▸ Exercise brief: Below are records with pictures in them. Output exactly the lines from the one with "因为这两起事故,早上 7 点左右,Eastern" through the one with "口溶けの良いチョコレートムース ■食べ応えのあるチョコスポンジ ■ナッツ入りで食感もアクセントのチョコクランチ生地", both included, and leave every picture out; give only those lines.

::: Task input :::

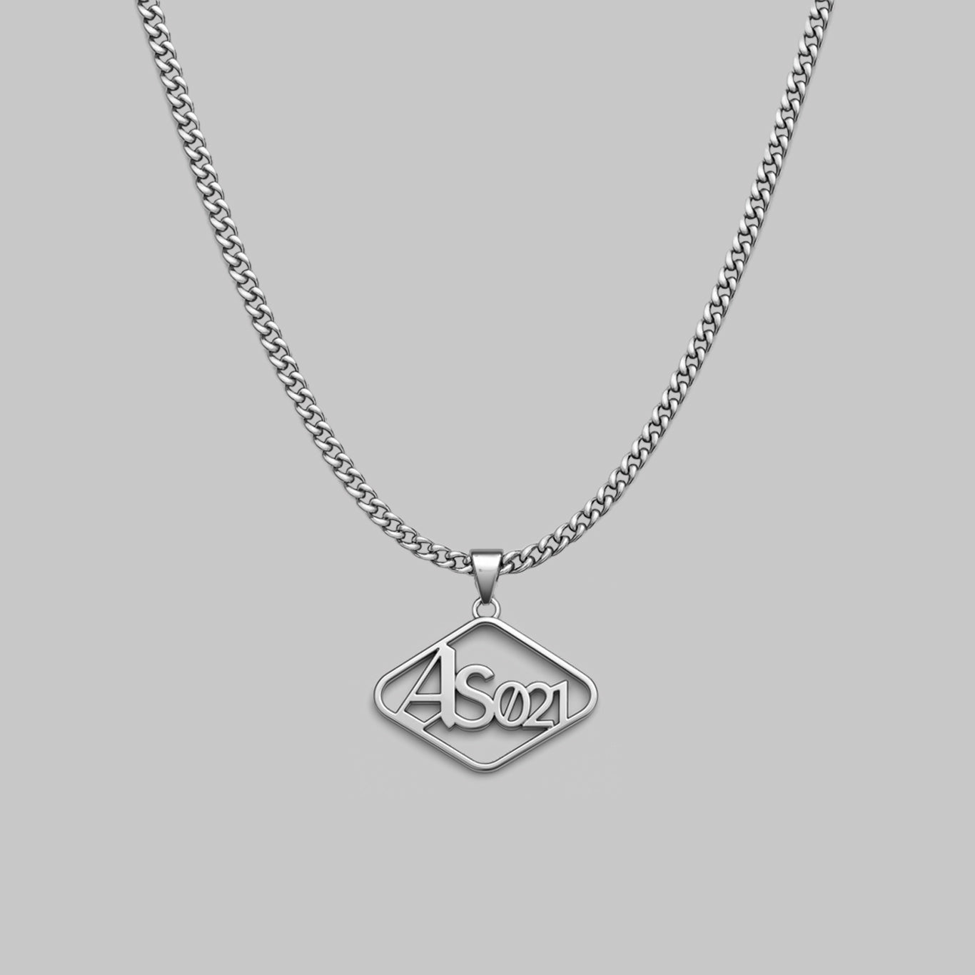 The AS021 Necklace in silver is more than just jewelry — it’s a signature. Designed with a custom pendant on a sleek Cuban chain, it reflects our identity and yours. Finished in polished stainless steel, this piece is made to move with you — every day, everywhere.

:::
::: Task input :::

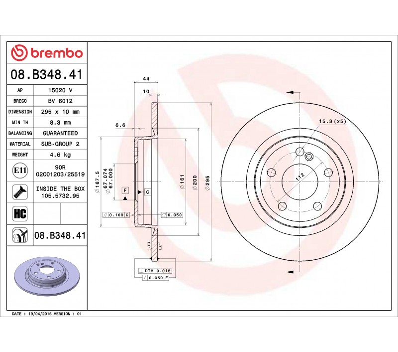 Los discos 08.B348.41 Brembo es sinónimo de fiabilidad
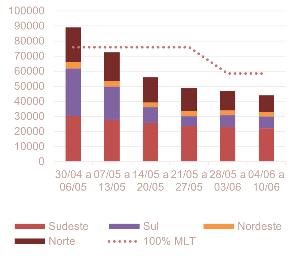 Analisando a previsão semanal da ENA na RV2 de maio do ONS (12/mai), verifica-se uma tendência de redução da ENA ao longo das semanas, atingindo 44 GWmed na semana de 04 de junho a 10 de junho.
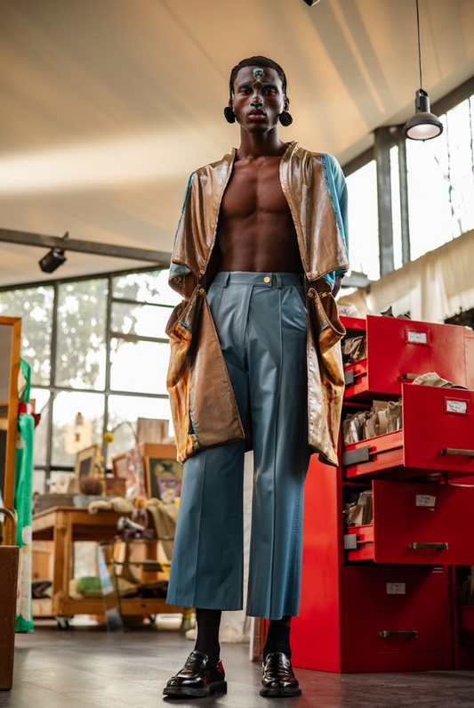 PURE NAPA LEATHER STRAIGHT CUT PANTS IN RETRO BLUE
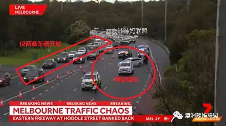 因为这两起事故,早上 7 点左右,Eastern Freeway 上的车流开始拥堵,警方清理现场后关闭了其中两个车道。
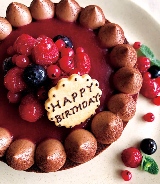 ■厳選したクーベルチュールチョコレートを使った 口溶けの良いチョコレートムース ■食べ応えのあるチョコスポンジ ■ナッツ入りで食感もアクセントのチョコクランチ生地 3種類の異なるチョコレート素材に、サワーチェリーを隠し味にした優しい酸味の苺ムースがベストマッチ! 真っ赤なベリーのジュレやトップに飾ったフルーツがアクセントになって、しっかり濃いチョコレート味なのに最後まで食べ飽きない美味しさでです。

:::

▸ Written answer:
 因为这两起事故,早上 7 点左右,Eastern Freeway 上的车流开始拥堵,警方清理现场后关闭了其中两个车道。
 ■厳選したクーベルチュールチョコレートを使った 口溶けの良いチョコレートムース ■食べ応えのあるチョコスポンジ ■ナッツ入りで食感もアクセントのチョコクランチ生地 3種類の異なるチョコレート素材に、サワーチェリーを隠し味にした優しい酸味の苺ムースがベストマッチ! 真っ赤なベリーのジュレやトップに飾ったフルーツがアクセントになって、しっかり濃いチョコレート味なのに最後まで食べ飽きない美味しさでです。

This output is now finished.